Dataset section ->
__________________________________________________
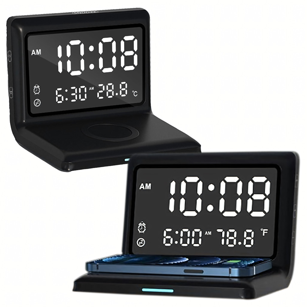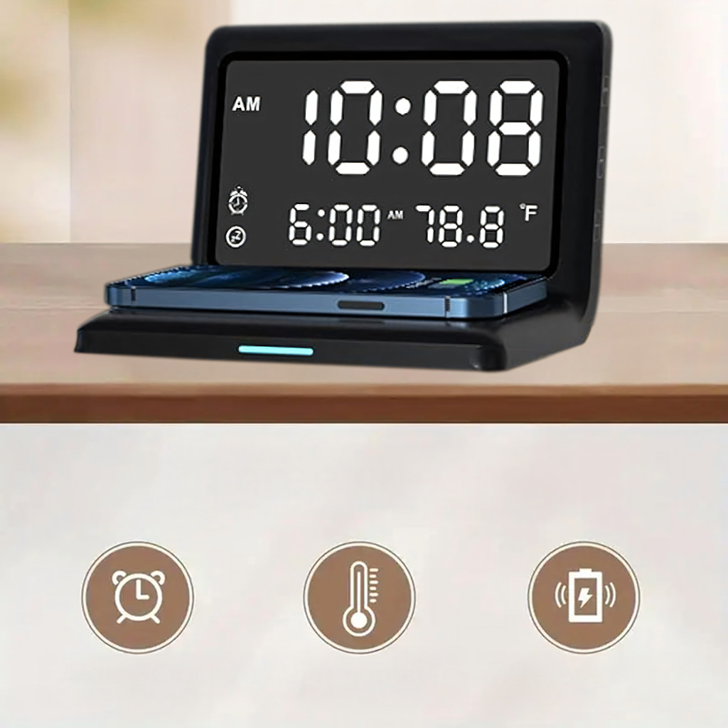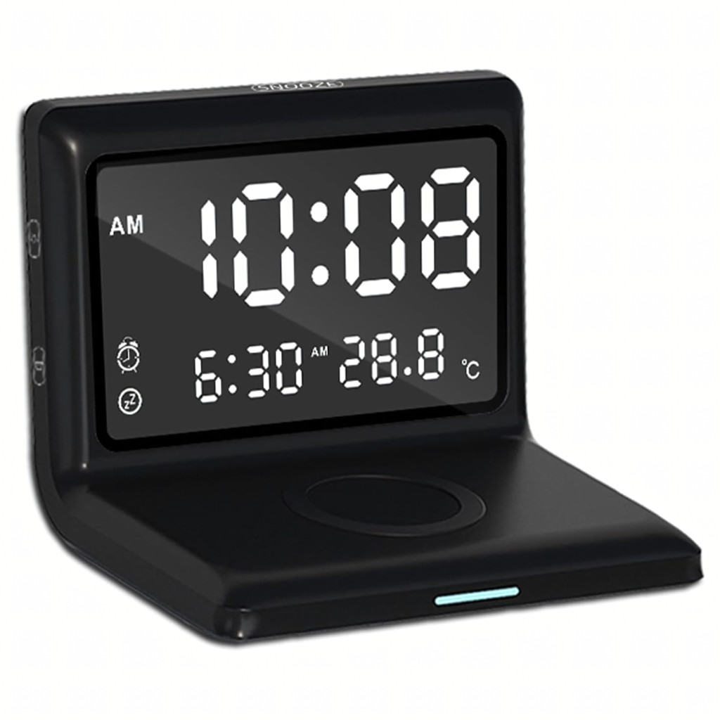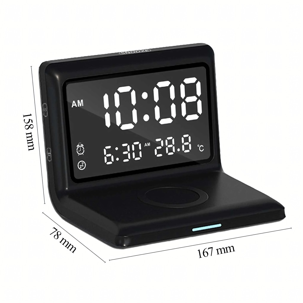 3 az 1-ben digitális ébresztőóra, vezeték nélküli töltő 15 W-os, hőmérővel
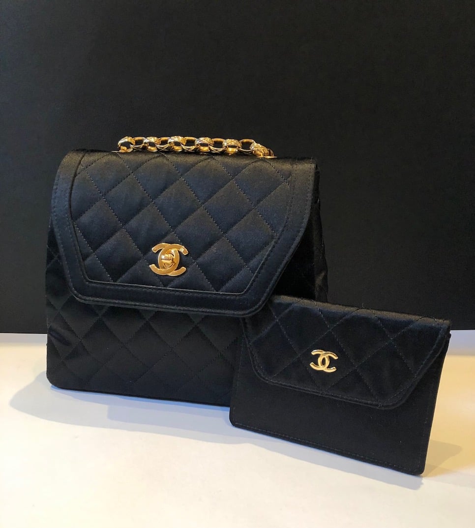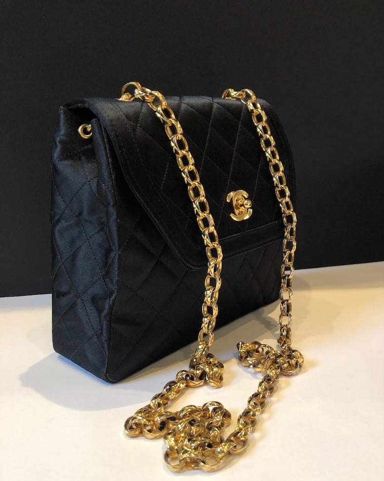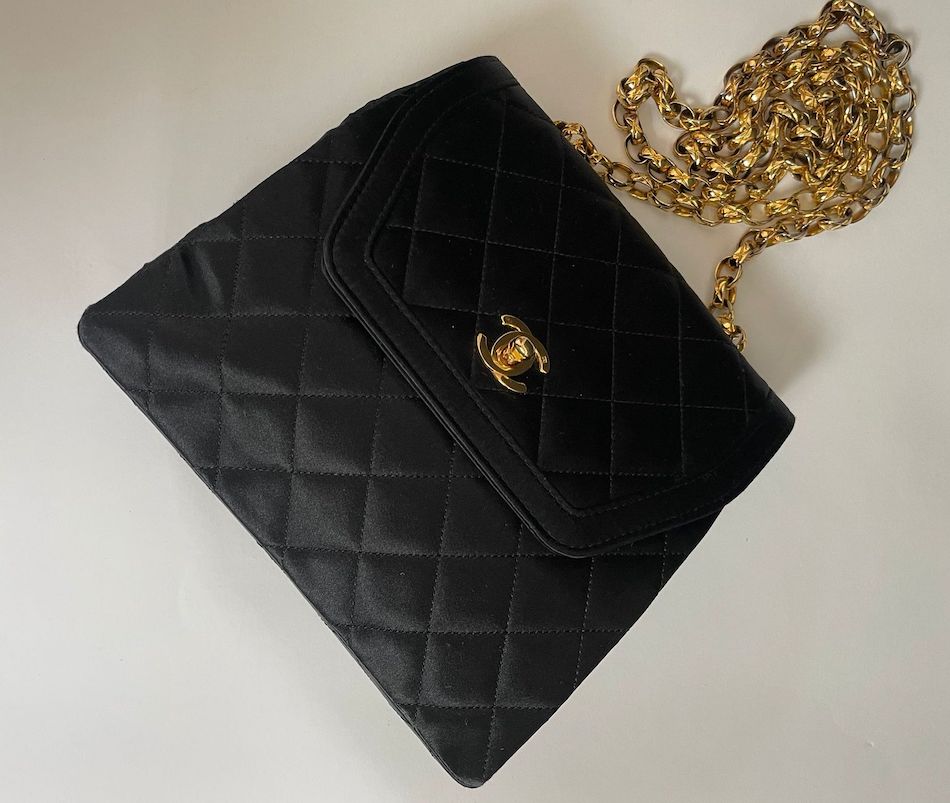 CHANEL Vintage Satin Quilted Black Flap Bag 1990s REF: CVC18040518-CUK72
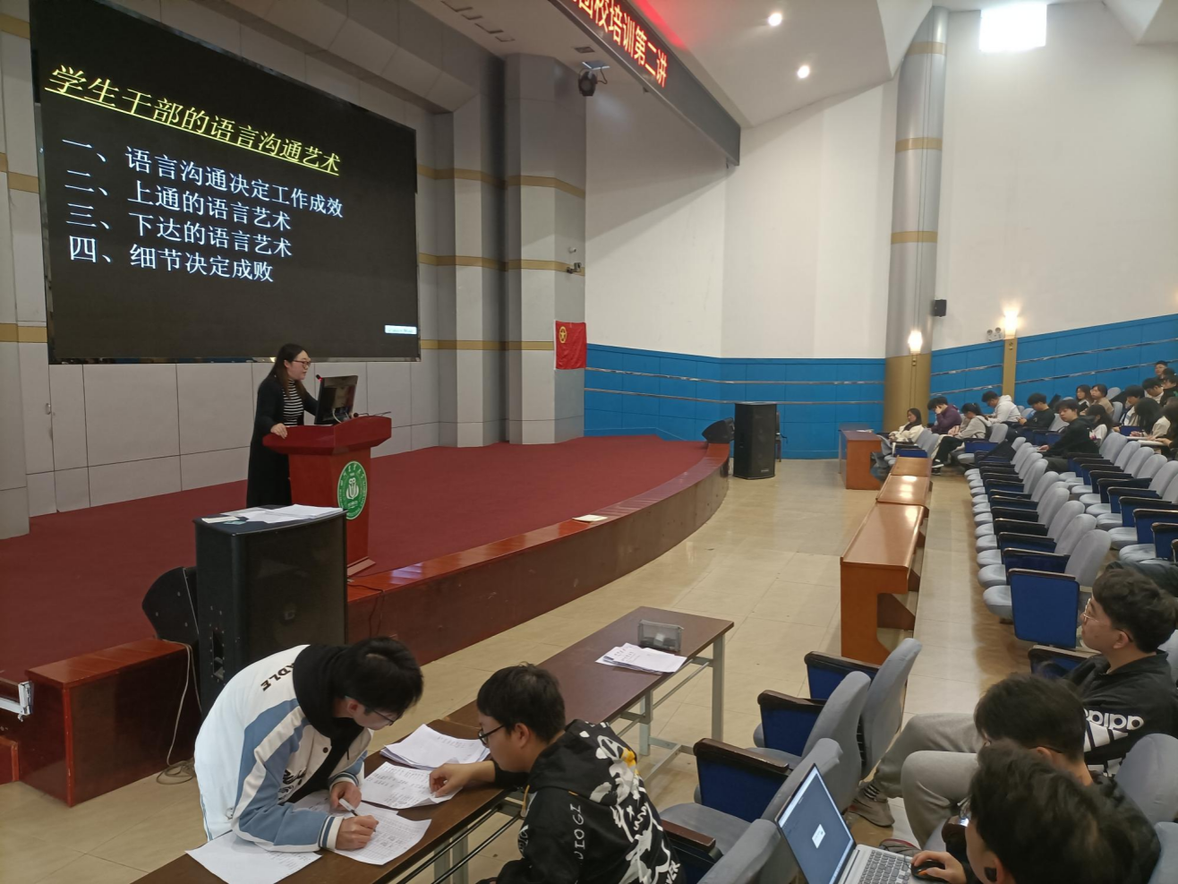 周老师从四个方面给同学们分享了学生干部与人沟通的经验和方法。首先作为学生如何与老师和师兄师姐们沟通,部门学生干部如何与同学们正确相处以及部门成员内部上下级间的合理交往。最后周老师以亲身经历,引出了同学们如何与身边朋友同学相处,亦师亦友,良性竞争,互帮互助才是同学间交往的正确法门。整个过程中同学们认真聆听,全神贯注,收益颇丰。
__________________________________________________
What you need to do ->
Print the listing exactly, minus any pictures.

Written solution ->
 3 az 1-ben digitális ébresztőóra, vezeték nélküli töltő 15 W-os, hőmérővel
 CHANEL Vintage Satin Quilted Black Flap Bag 1990s REF: CVC18040518-CUK72
 周老师从四个方面给同学们分享了学生干部与人沟通的经验和方法。首先作为学生如何与老师和师兄师姐们沟通,部门学生干部如何与同学们正确相处以及部门成员内部上下级间的合理交往。最后周老师以亲身经历,引出了同学们如何与身边朋友同学相处,亦师亦友,良性竞争,互帮互助才是同学间交往的正确法门。整个过程中同学们认真聆听,全神贯注,收益颇丰。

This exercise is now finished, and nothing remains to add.